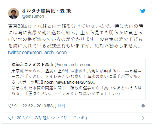 「オルタナ」的主編森摂也曾就台場的大海在推特上做出過這樣的警示。
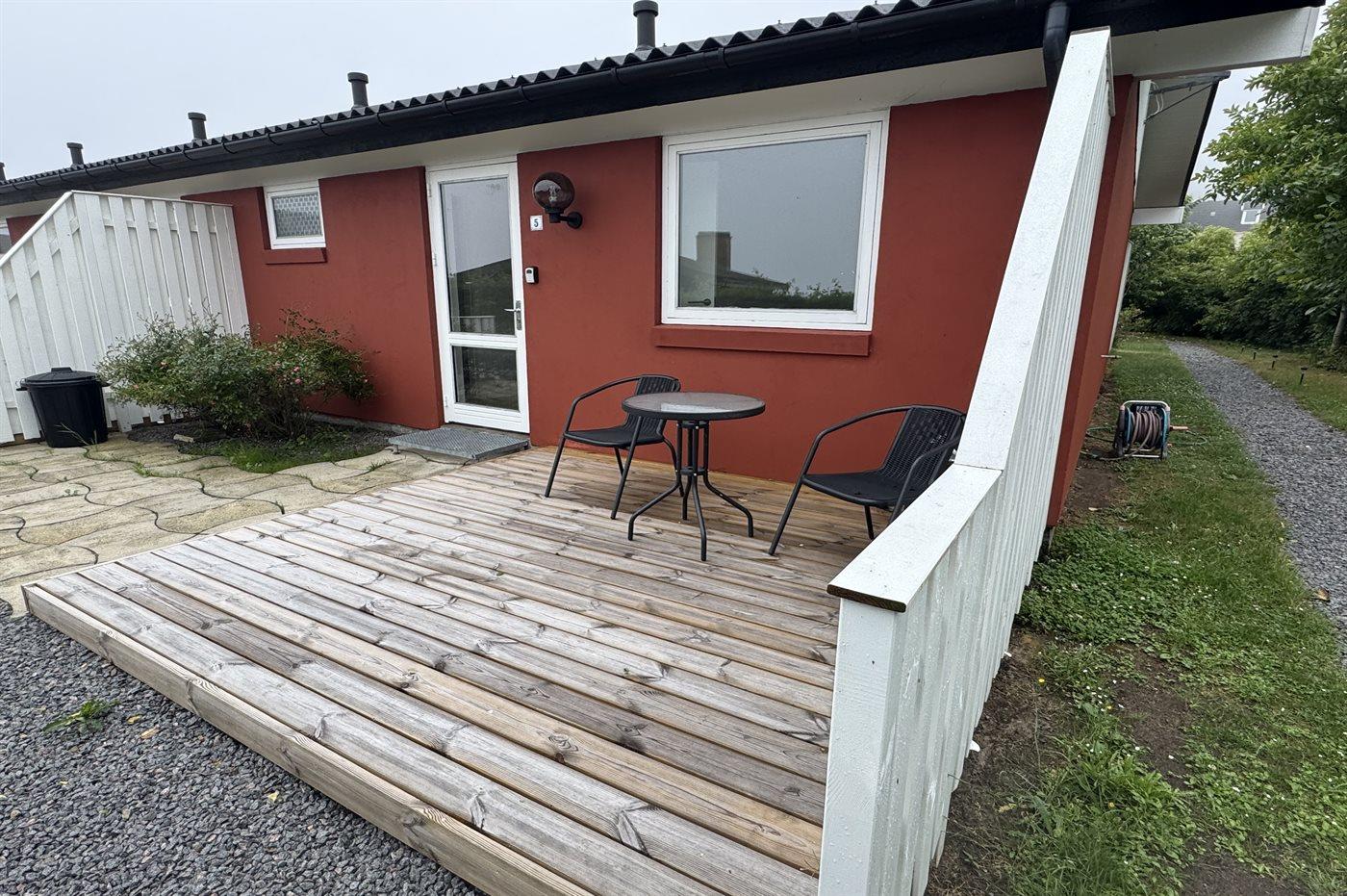 Ferieboligen er beliggende på en 50 m² stor naturgrund. Der er 300 m til havet. Nærmeste forretning er beliggende i en afstand af 1500 m. Til ferieboligen hører åbent terrasseareal. Desuden er der overdækket terrasse. Grill til rådighed. Der er installeret stik til opladning af elbil. Parkering ved ferieboligen.
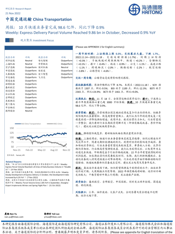 【海通国际】【20221121】中国交通运输周报:10月快递业务量完成98.6亿件,同比下降0.9%-15页
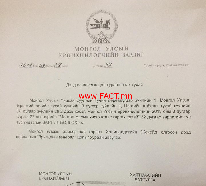 Монгол Улсын харьяатаас гарсан Халидалдагийн Жекейд олгосон дээд офицерын “бригадын генерал” цолыг хураан авсугай” гэжээ.
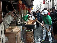 正月が近いから?? いえいえ、このお店では、年中いつも、つきたてのよもぎ餅を売っています。ちょっと高いけど、ほんとにふわふわ。(三条通りと、南北の商店街が交差するところにあります) お客さんが多いと、かけ声も大きく、腕も勢いよくなってきます。 |
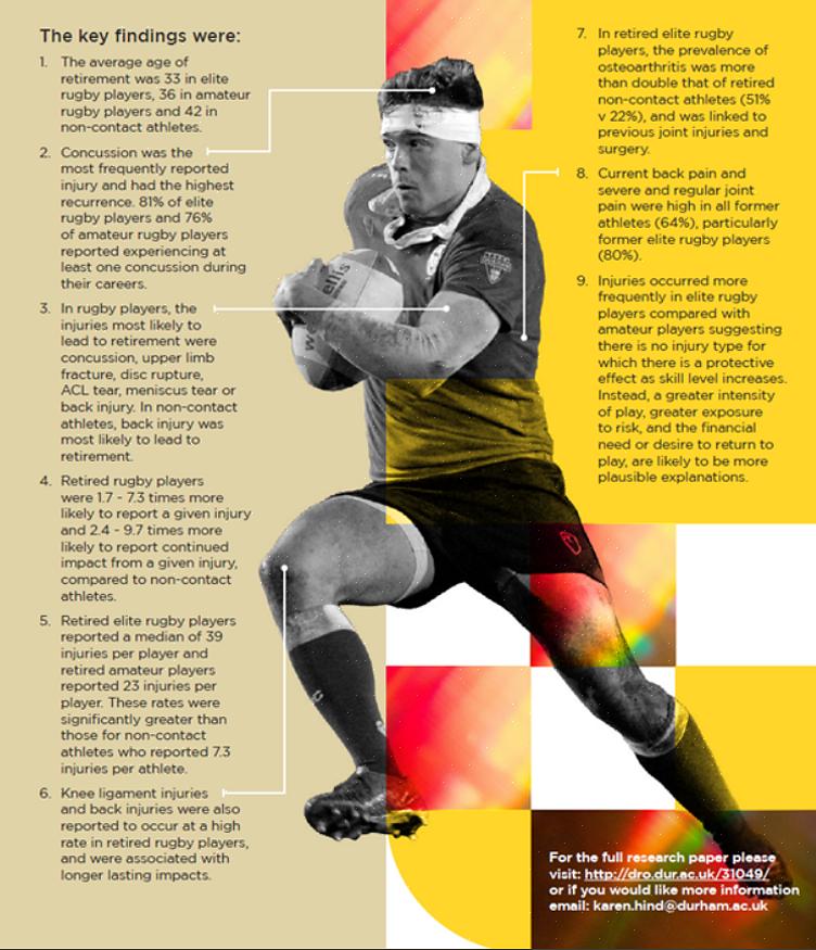 לרוגבי יש שיעור פציעות של 17 על כל אלף שעות משחק. זהו מספר גבוה, הגיוני בהתחשב במאפייני הספורט.
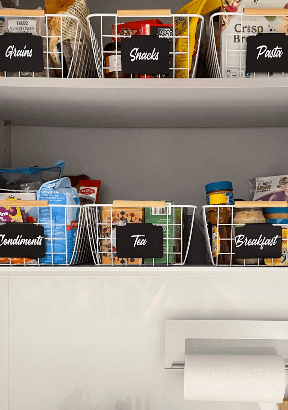 Labels! Labels create clarity on where things should go. No more shoving things where there is available space than forgetting they ever existed.
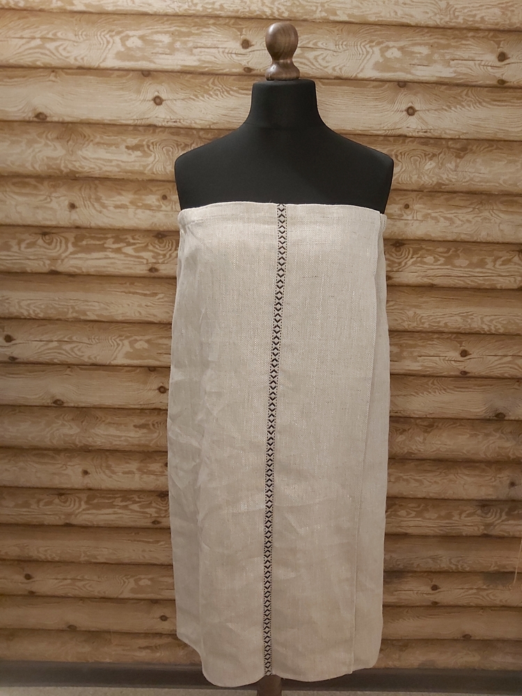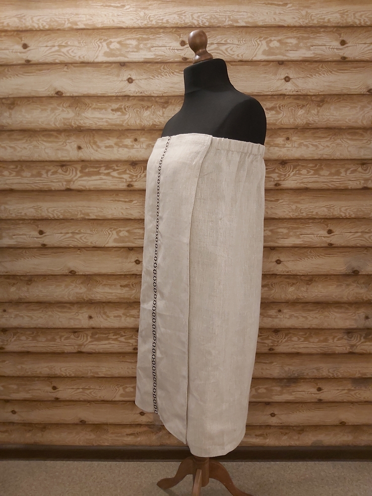 Ērti lina auduma pirts svārki ar 1 cm platu sūnu pelēkzaļu tautisku lentu vertikāli un ar 2 lipekļa aizdarēm augšdaļā. Muguras daļā no viena sāna līdz otram sānam iestrādāta 2cm plata gumija. Apkārtmērs augšdaļā izstiepjot gumiju līdz ~102 cm. Sieviešu pirts svārkiem garums ir 80cm.
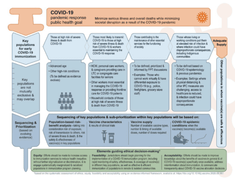 Canada has announced a three tiered prioritization approach to distribute the vaccine based on the NACI guidance (see Figure 3) released in November which identifies key populations for early COVID-19 immunization including; those at high risk for severe illness or death, front-line health care workers and other essential workers, the elderly (starting with those above the age of 80 years) and those living in marginalized communities including the Indigenous population.
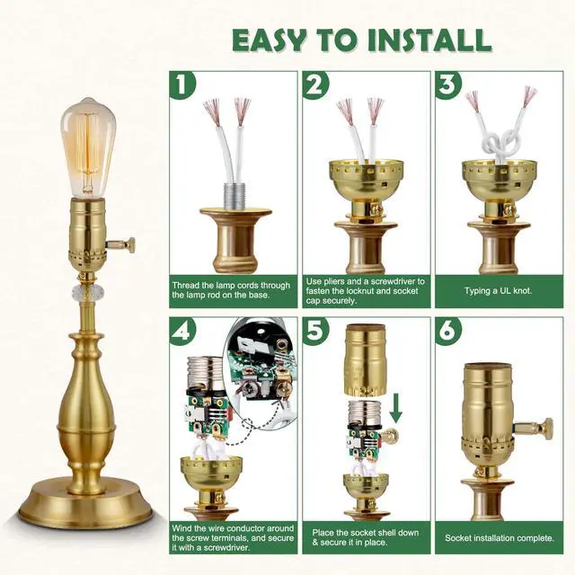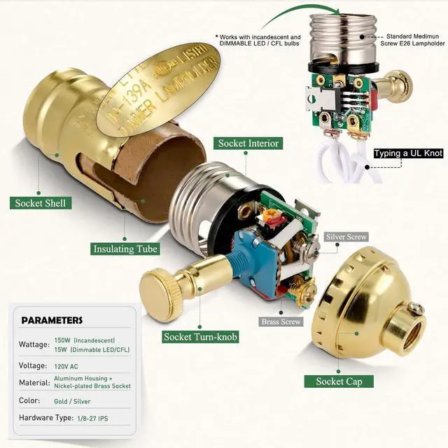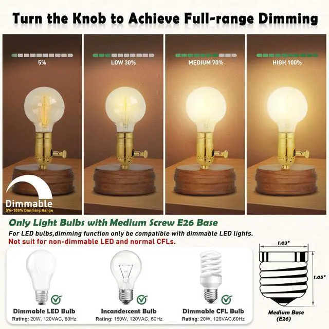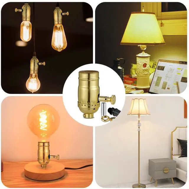 Dimmable Lamp Switch Replacement, Vintage E26 Light Bulb Socket with Dimming Switch Knob for Table Floor Light, UL Listed
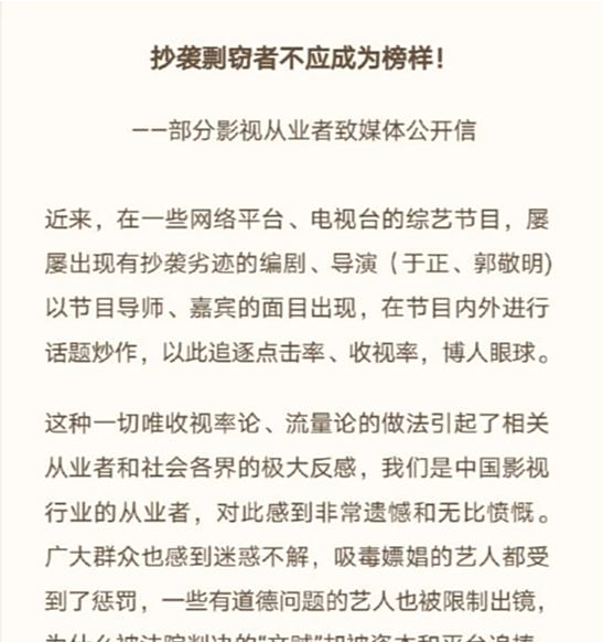 2020年,有111名编剧、导演联合出来抵制郭敬明和于正,原因是他们涉嫌抄袭,号召不要给抄袭者提供舞台。
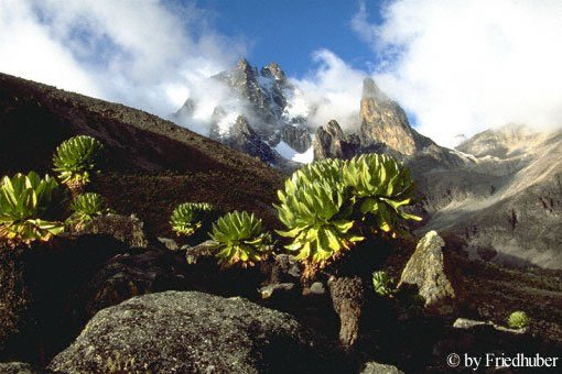Vom Hohen Atlas mit seinen Schitouren am Rande der Sahara über harmonischen Dünen und bizarren Mondlandschaften in der libyschen Wüste, bis zu den Extremklettergebieten Südafrikas spannt sich der Bogen. Kaum bekannt sind die Simien-Berge im Norden Äthiopiens, eingebettet in eine archaische Kulturlandschaft. Steil und abweisend ist die Gipfelregion des Mount Kenya. Mit seinen fast 6000 Metern ist der Kilimandscharo das Traumziel für tausende Bergsteiger aus aller Welt. Ein mystischer Berg, auf dem man in wenigen Tagen durch alle Klimazonen dieser Erde steigt. Auf dem Weg in die Serengeti sieht man in der Ferne den Ol Doinyo Lengai, den heiligen Berg der Masai, einen noch aktiven Vulkan, aus dem kalte Sodalava fließt. Üppige Natur erlebt man am Ruwenzori und in den Virunga-Bergen. Eine exotische Vegetation mit riesenwüchsigen Blumen und die Begegnung mit den letzen Berggorillas. Der Bergfotograf Hermann Erber trotzt in Südafrika den Gesetzen der Schwerkraft und entführt die Leser in die senkrechten bis überhängenden Klettergebiete im südlichen Afrika.
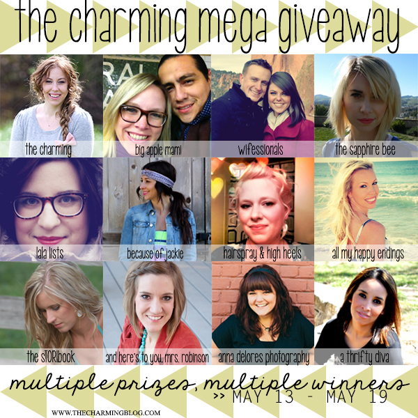 Giveaway rules: This giveaway will run from Monday, May 13 at midnight EST to Sunday, May 19 at midnight EST. This giveaway has no affiliation with Adobe, Target, PayPal, Starbucks, or the authors and publishers of Cupcakes and Cashmere and Blog, Inc. This giveaway was put together with love from these twelve bloggers to give followers the opportunity to win one of these five prizes. Winners will be announced via the Rafflecopter widget as well as via email once the winning entries have been confirmed. Thank you and good luck!
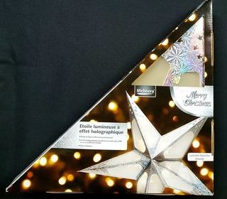 Grande étoile lumineuse à effet holographique Diamètre : 58cm 10 LED Longueur de câble : 10m Vendue avec anneau de suspension et mode d'emploi Article neuf, non déballé Annon
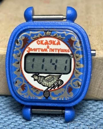 Montre bracelet à quartz et LCD (écran à cristaux liquides) pour enfant produite par la Fabrique Elektronika du Combinat électronique « Integral », à Minsk.
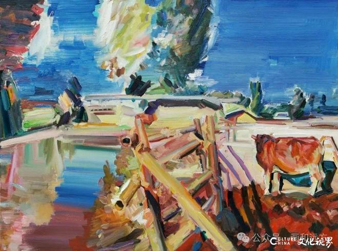 骆根兴的写生作品兼具形式与精神:形式上,他善于通过构图、光影、笔触与色彩表现自然与人居的真实感;精神上,他追求自然情趣与内在意境,不仅绘景,更绘心。写生对他的艺术语言养成与主题性创作具有重要的支撑作用。
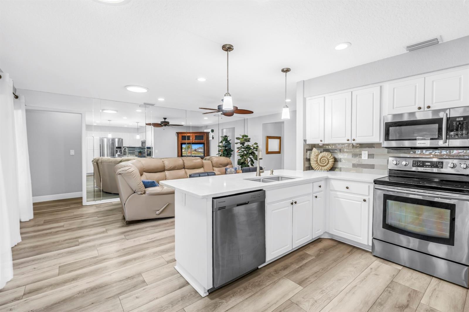 Enorme redução de preço, o vendedor diz vender! Completamente atualizada e pronta para morar, esta casa de 5 quartos e 2 banheiros lindamente conservada e uma garagem enorme combina extensas melhorias modernas com o estilo de vida tranquilo da Flórida. Cuidadosamente reformada, a casa possui janelas de impacto com garantia transferível, reforma de toda a casa, piso atualizado, nova pintura interna, sancas, iluminação embutida e inúmeras atualizações mecânicas e cosméticas, proporcionando verdadeira tranquilidade para o próximo proprietário. A cozinha atualizada apresenta armários brancos, bancadas de quartzo, eletrodomésticos de aço inoxidável, acessórios modernos e uma barra de café da manhã conveniente que se abre para espaços de estar e de jantar bem iluminados - ideal tanto para a vida cotidiana quanto para entretenimento. Os tetos de pipoca foram removidos e substituídos por uma textura atualizada, criando uma sensação limpa e contemporânea em toda a casa. Uma convidativa varanda fechada oferece valioso espaço adicional durante todo o ano, perfeito para relaxar, entreter os hóspedes ou desfrutar das manhãs tranquilas da Flórida. As melhorias externas incluem paisagismo renovado com palmeiras, pavimentação selada, iluminação externa, drenagem atualizada com drenos franceses e sistema de bomba de depósito, e novas calhas com filtros de folhas. Os destaques adicionais incluem um sistema de ar condicionado mais recente, telhado com aproximadamente 4 anos, tomadas e interruptores elétricos atualizados, iluminação LED, ventiladores de teto atualizados, uma garagem de grandes dimensões com piso revestido de poliaspártico, um novo teto de garagem e uma tela retrátil nas portas francesas. Com as novas leis atuais da Flórida sobre ADUs (Unidades de Habitação Auxiliares), os novos proprietários podem facilmente adicionar um banheiro à ADU externa para torná-la totalmente habitável para hóspedes ou renda adicional. Idealmente localizada perto das praias do Golfo, lojas, restaurantes e conveniências do dia a dia, esta casa meticulosamente mantida oferece a combinação perfeita de conforto, atualizações de qualidade e vida pronta para morar na Flórida. Casas que oferecem este nível de atualização e atendimento raramente ficam disponíveis, tornando esta uma oportunidade imperdível.

# # # # #

▶ _INSTRUCTIONS FOR THE TASK_: Only the pictures are to be left out; the rest of the material above should be printed verbatim.

▶ _WRITTEN ANSWER_:
 「オルタナ」的主編森摂也曾就台場的大海在推特上做出過這樣的警示。
 Ferieboligen er beliggende på en 50 m² stor naturgrund. Der er 300 m til havet. Nærmeste forretning er beliggende i en afstand af 1500 m. Til ferieboligen hører åbent terrasseareal. Desuden er der overdækket terrasse. Grill til rådighed. Der er installeret stik til opladning af elbil. Parkering ved ferieboligen.
 【海通国际】【20221121】中国交通运输周报:10月快递业务量完成98.6亿件,同比下降0.9%-15页
 Монгол Улсын харьяатаас гарсан Халидалдагийн Жекейд олгосон дээд офицерын “бригадын генерал” цолыг хураан авсугай” гэжээ.
 正月が近いから?? いえいえ、このお店では、年中いつも、つきたてのよもぎ餅を売っています。ちょっと高いけど、ほんとにふわふわ。(三条通りと、南北の商店街が交差するところにあります) お客さんが多いと、かけ声も大きく、腕も勢いよくなってきます。 |
 לרוגבי יש שיעור פציעות של 17 על כל אלף שעות משחק. זהו מספר גבוה, הגיוני בהתחשב במאפייני הספורט.
 Labels! Labels create clarity on where things should go. No more shoving things where there is available space than forgetting they ever existed.
 Ērti lina auduma pirts svārki ar 1 cm platu sūnu pelēkzaļu tautisku lentu vertikāli un ar 2 lipekļa aizdarēm augšdaļā. Muguras daļā no viena sāna līdz otram sānam iestrādāta 2cm plata gumija. Apkārtmērs augšdaļā izstiepjot gumiju līdz ~102 cm. Sieviešu pirts svārkiem garums ir 80cm.
 Canada has announced a three tiered prioritization approach to distribute the vaccine based on the NACI guidance (see Figure 3) released in November which identifies key populations for early COVID-19 immunization including; those at high risk for severe illness or death, front-line health care workers and other essential workers, the elderly (starting with those above the age of 80 years) and those living in marginalized communities including the Indigenous population.
 Dimmable Lamp Switch Replacement, Vintage E26 Light Bulb Socket with Dimming Switch Knob for Table Floor Light, UL Listed
 2020年,有111名编剧、导演联合出来抵制郭敬明和于正,原因是他们涉嫌抄袭,号召不要给抄袭者提供舞台。
Vom Hohen Atlas mit seinen Schitouren am Rande der Sahara über harmonischen Dünen und bizarren Mondlandschaften in der libyschen Wüste, bis zu den Extremklettergebieten Südafrikas spannt sich der Bogen. Kaum bekannt sind die Simien-Berge im Norden Äthiopiens, eingebettet in eine archaische Kulturlandschaft. Steil und abweisend ist die Gipfelregion des Mount Kenya. Mit seinen fast 6000 Metern ist der Kilimandscharo das Traumziel für tausende Bergsteiger aus aller Welt. Ein mystischer Berg, auf dem man in wenigen Tagen durch alle Klimazonen dieser Erde steigt. Auf dem Weg in die Serengeti sieht man in der Ferne den Ol Doinyo Lengai, den heiligen Berg der Masai, einen noch aktiven Vulkan, aus dem kalte Sodalava fließt. Üppige Natur erlebt man am Ruwenzori und in den Virunga-Bergen. Eine exotische Vegetation mit riesenwüchsigen Blumen und die Begegnung mit den letzen Berggorillas. Der Bergfotograf Hermann Erber trotzt in Südafrika den Gesetzen der Schwerkraft und entführt die Leser in die senkrechten bis überhängenden Klettergebiete im südlichen Afrika.
 Giveaway rules: This giveaway will run from Monday, May 13 at midnight EST to Sunday, May 19 at midnight EST. This giveaway has no affiliation with Adobe, Target, PayPal, Starbucks, or the authors and publishers of Cupcakes and Cashmere and Blog, Inc. This giveaway was put together with love from these twelve bloggers to give followers the opportunity to win one of these five prizes. Winners will be announced via the Rafflecopter widget as well as via email once the winning entries have been confirmed. Thank you and good luck!
 Grande étoile lumineuse à effet holographique Diamètre : 58cm 10 LED Longueur de câble : 10m Vendue avec anneau de suspension et mode d'emploi Article neuf, non déballé Annon
 Montre bracelet à quartz et LCD (écran à cristaux liquides) pour enfant produite par la Fabrique Elektronika du Combinat électronique « Integral », à Minsk.
 骆根兴的写生作品兼具形式与精神:形式上,他善于通过构图、光影、笔触与色彩表现自然与人居的真实感;精神上,他追求自然情趣与内在意境,不仅绘景,更绘心。写生对他的艺术语言养成与主题性创作具有重要的支撑作用。
 Enorme redução de preço, o vendedor diz vender! Completamente atualizada e pronta para morar, esta casa de 5 quartos e 2 banheiros lindamente conservada e uma garagem enorme combina extensas melhorias modernas com o estilo de vida tranquilo da Flórida. Cuidadosamente reformada, a casa possui janelas de impacto com garantia transferível, reforma de toda a casa, piso atualizado, nova pintura interna, sancas, iluminação embutida e inúmeras atualizações mecânicas e cosméticas, proporcionando verdadeira tranquilidade para o próximo proprietário. A cozinha atualizada apresenta armários brancos, bancadas de quartzo, eletrodomésticos de aço inoxidável, acessórios modernos e uma barra de café da manhã conveniente que se abre para espaços de estar e de jantar bem iluminados - ideal tanto para a vida cotidiana quanto para entretenimento. Os tetos de pipoca foram removidos e substituídos por uma textura atualizada, criando uma sensação limpa e contemporânea em toda a casa. Uma convidativa varanda fechada oferece valioso espaço adicional durante todo o ano, perfeito para relaxar, entreter os hóspedes ou desfrutar das manhãs tranquilas da Flórida. As melhorias externas incluem paisagismo renovado com palmeiras, pavimentação selada, iluminação externa, drenagem atualizada com drenos franceses e sistema de bomba de depósito, e novas calhas com filtros de folhas. Os destaques adicionais incluem um sistema de ar condicionado mais recente, telhado com aproximadamente 4 anos, tomadas e interruptores elétricos atualizados, iluminação LED, ventiladores de teto atualizados, uma garagem de grandes dimensões com piso revestido de poliaspártico, um novo teto de garagem e uma tela retrátil nas portas francesas. Com as novas leis atuais da Flórida sobre ADUs (Unidades de Habitação Auxiliares), os novos proprietários podem facilmente adicionar um banheiro à ADU externa para torná-la totalmente habitável para hóspedes ou renda adicional. Idealmente localizada perto das praias do Golfo, lojas, restaurantes e conveniências do dia a dia, esta casa meticulosamente mantida oferece a combinação perfeita de conforto, atualizações de qualidade e vida pronta para morar na Flórida. Casas que oferecem este nível de atualização e atendimento raramente ficam disponíveis, tornando esta uma oportunidade imperdível.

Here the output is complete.